WHAT YOU HAVE TO DO. Go through the listing below and retype exactly the lines starting at the one with "ആലപ്പുഴ മണ്ഡലത്തിൽ കെസി വേണുഗോപാൽ വിജയിച്ചു" and ending at the one with "吃過各個夜市的蒜香豆干,每次", skipping pictures.

____ RECORDS FOR PROCESSING

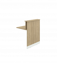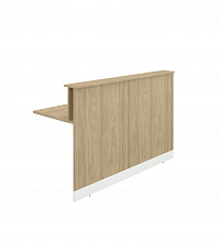 Для удобства посетителей с внешней стороны ресепшена предусмотрена установка лицевых панелей, обозначающих зону работы администратора. Ширина топа панели позволяет комфортно работать с документами, размещать журналы или рекламные материалы для посетителей.
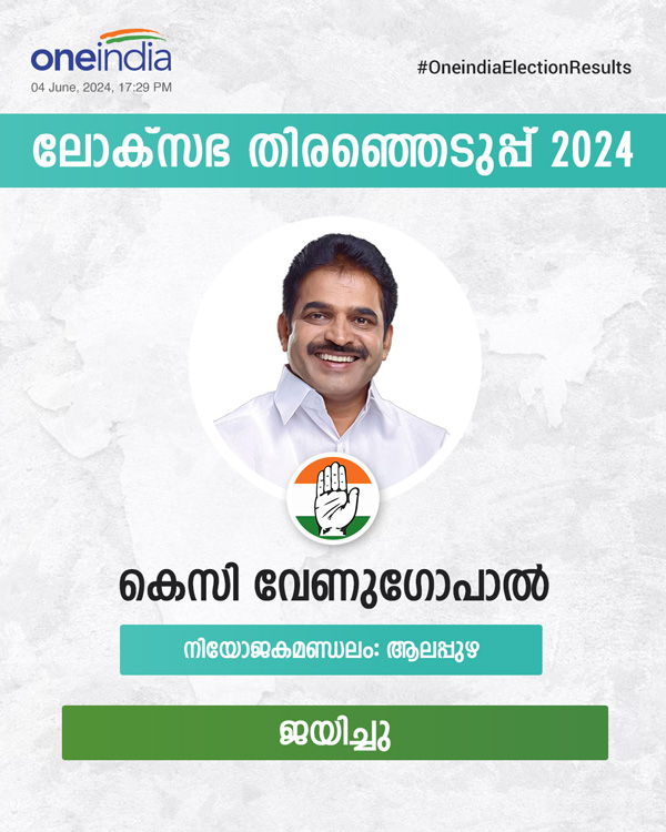 ആലപ്പുഴ മണ്ഡലത്തിൽ കെസി വേണുഗോപാൽ വിജയിച്ചു
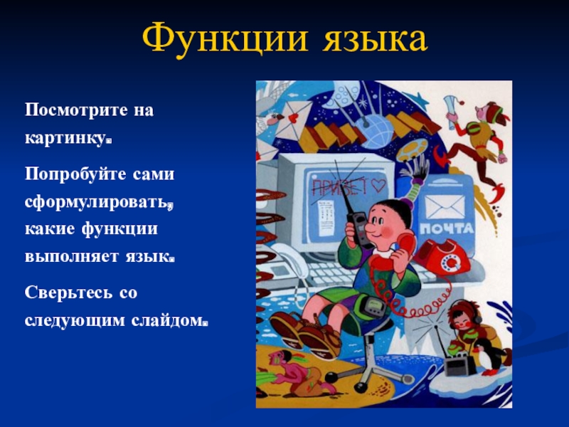 Функции языкаПосмотрите на картинку.Попробуйте сами сформулировать, какие функции выполняет язык. Сверьтесь со следующим слайдом.
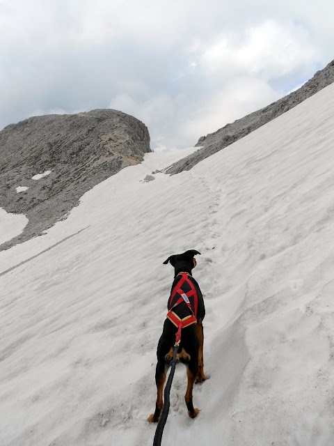 Vajolonpass im Rosengarten. Direkt vor dem Pass ist eine Leiter, und wie die Hüttenwirte auf die Idee kommen, da käme man mit Hund leicht dran vorbei verstehe ich nicht... Angeblich können Hunde die Stelle überwinden, wenn es die Leiter runter geht, hoch zu war es -zumindest für mich allein mit Hund- nicht ohne Risiko für Cati zu bewältigen.
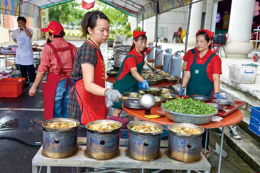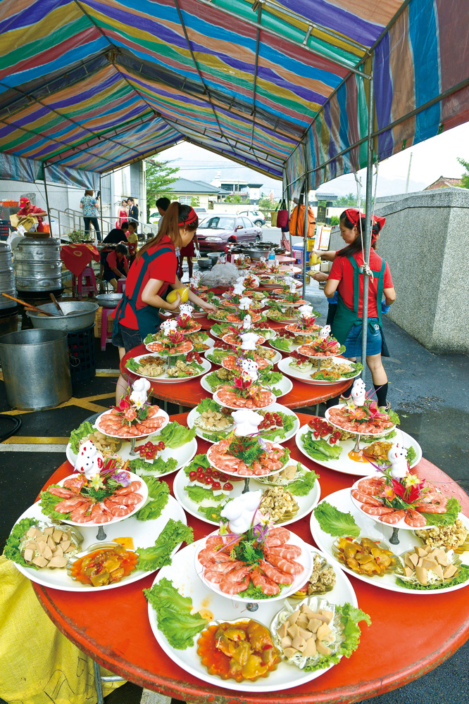 「常常客人的屁股還沒坐熱,就要趕到下一家去了,」黃碧恭說。為了省去客人奔波,早年設於家中的辦桌餐宴,後來才漸漸演變為每逢神明慶典,全村集於廟前盛大辦桌的熱鬧景況。
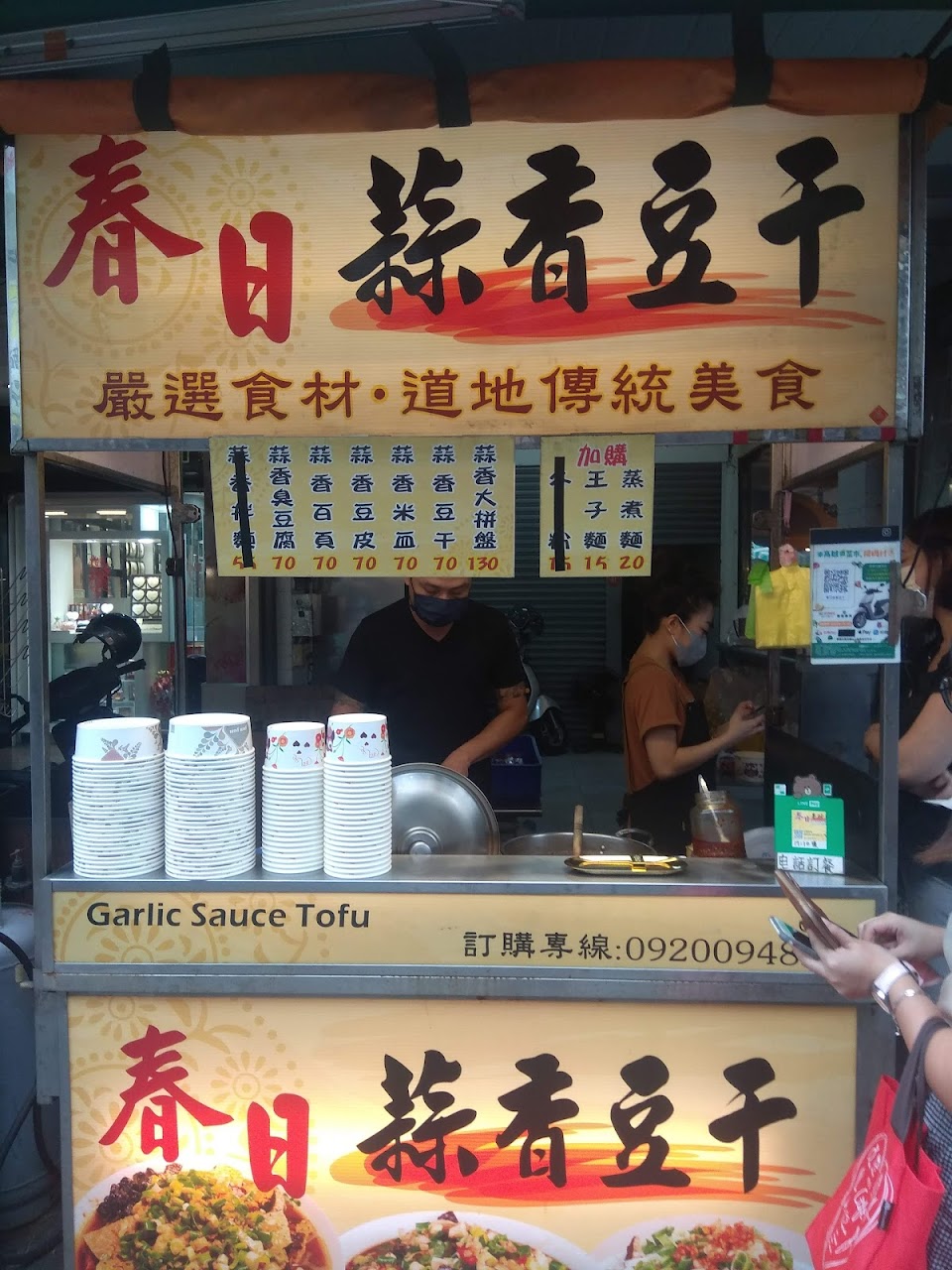 吃過各個夜市的蒜香豆干,每次都被味道吸引而嚐鮮,但每次都覺得怎麼可以聞起來跟吃起來是兩種感覺?♀️一直到第一次吃到春日,愛嚐鮮的我直接點了大拼盤,原因只是因為價錢吸引我,到底這麼便宜是要賺什麼❓果然真的沒讓人失望,吃完發現以銅板價來講,這CP值真的很可以?後來一直很想念這個味道,於是下了班又二訪,輾轉得知原來老闆他們跟外面連鎖不同,難怪吃起來味道可以差這麼多,如果喜歡蒜味豆干的朋友,真的可以嘗試看看這間,他們種類很多,有豆干,豆皮、百頁、米血、臭豆腐,而且老闆他們很貼心,拼盤還可以選擇什麼不要加,或者什麼份量想要多一點,這樣的銅板美食能不推薦嗎❓ 這篇絕對不是業配,應該也看得出來業配沒寫的這麼爛的吧!吃東西是很主觀的,純屬個人口味,單純覺得好吃所以認真想推薦店家,也真心推薦給大家,希望大家有機會經過苓雅市場的人真的不要錯過,銅板價而已,試試也無妨,春日的服務態度跟口味是值得大家嘗試的?
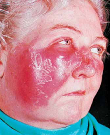 Erysipelas- a complication of GAS infection characterized by rapidly spreading erythematous cutaneous swelling that may begin on the face or, less frequently, on the body or an extremity. The rash has a sharp, well-demarcated, serpiginous border and may form a “butterfly” distribution on the face.
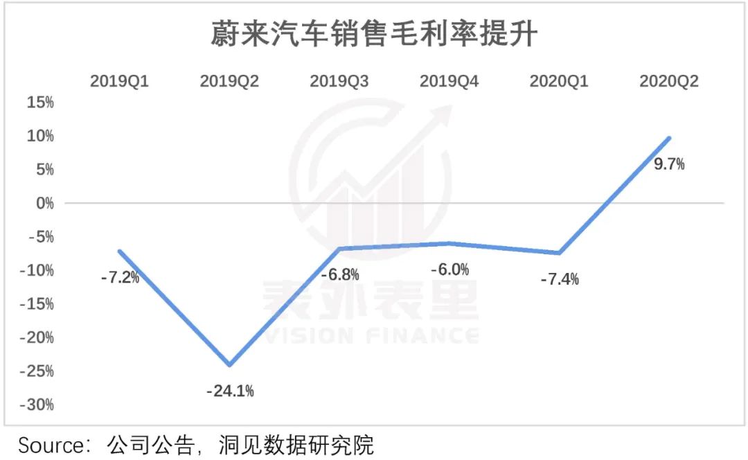 因此,在ES6于2019年6月开始交付之后,蔚来的汽车销售毛利率有明显好转。

________

RESPONSE TO THE EXERCISE.
 ആലപ്പുഴ മണ്ഡലത്തിൽ കെസി വേണുഗോപാൽ വിജയിച്ചു
 Функции языкаПосмотрите на картинку.Попробуйте сами сформулировать, какие функции выполняет язык. Сверьтесь со следующим слайдом.
 Vajolonpass im Rosengarten. Direkt vor dem Pass ist eine Leiter, und wie die Hüttenwirte auf die Idee kommen, da käme man mit Hund leicht dran vorbei verstehe ich nicht... Angeblich können Hunde die Stelle überwinden, wenn es die Leiter runter geht, hoch zu war es -zumindest für mich allein mit Hund- nicht ohne Risiko für Cati zu bewältigen.
 「常常客人的屁股還沒坐熱,就要趕到下一家去了,」黃碧恭說。為了省去客人奔波,早年設於家中的辦桌餐宴,後來才漸漸演變為每逢神明慶典,全村集於廟前盛大辦桌的熱鬧景況。
 吃過各個夜市的蒜香豆干,每次都被味道吸引而嚐鮮,但每次都覺得怎麼可以聞起來跟吃起來是兩種感覺?♀️一直到第一次吃到春日,愛嚐鮮的我直接點了大拼盤,原因只是因為價錢吸引我,到底這麼便宜是要賺什麼❓果然真的沒讓人失望,吃完發現以銅板價來講,這CP值真的很可以?後來一直很想念這個味道,於是下了班又二訪,輾轉得知原來老闆他們跟外面連鎖不同,難怪吃起來味道可以差這麼多,如果喜歡蒜味豆干的朋友,真的可以嘗試看看這間,他們種類很多,有豆干,豆皮、百頁、米血、臭豆腐,而且老闆他們很貼心,拼盤還可以選擇什麼不要加,或者什麼份量想要多一點,這樣的銅板美食能不推薦嗎❓ 這篇絕對不是業配,應該也看得出來業配沒寫的這麼爛的吧!吃東西是很主觀的,純屬個人口味,單純覺得好吃所以認真想推薦店家,也真心推薦給大家,希望大家有機會經過苓雅市場的人真的不要錯過,銅板價而已,試試也無妨,春日的服務態度跟口味是值得大家嘗試的?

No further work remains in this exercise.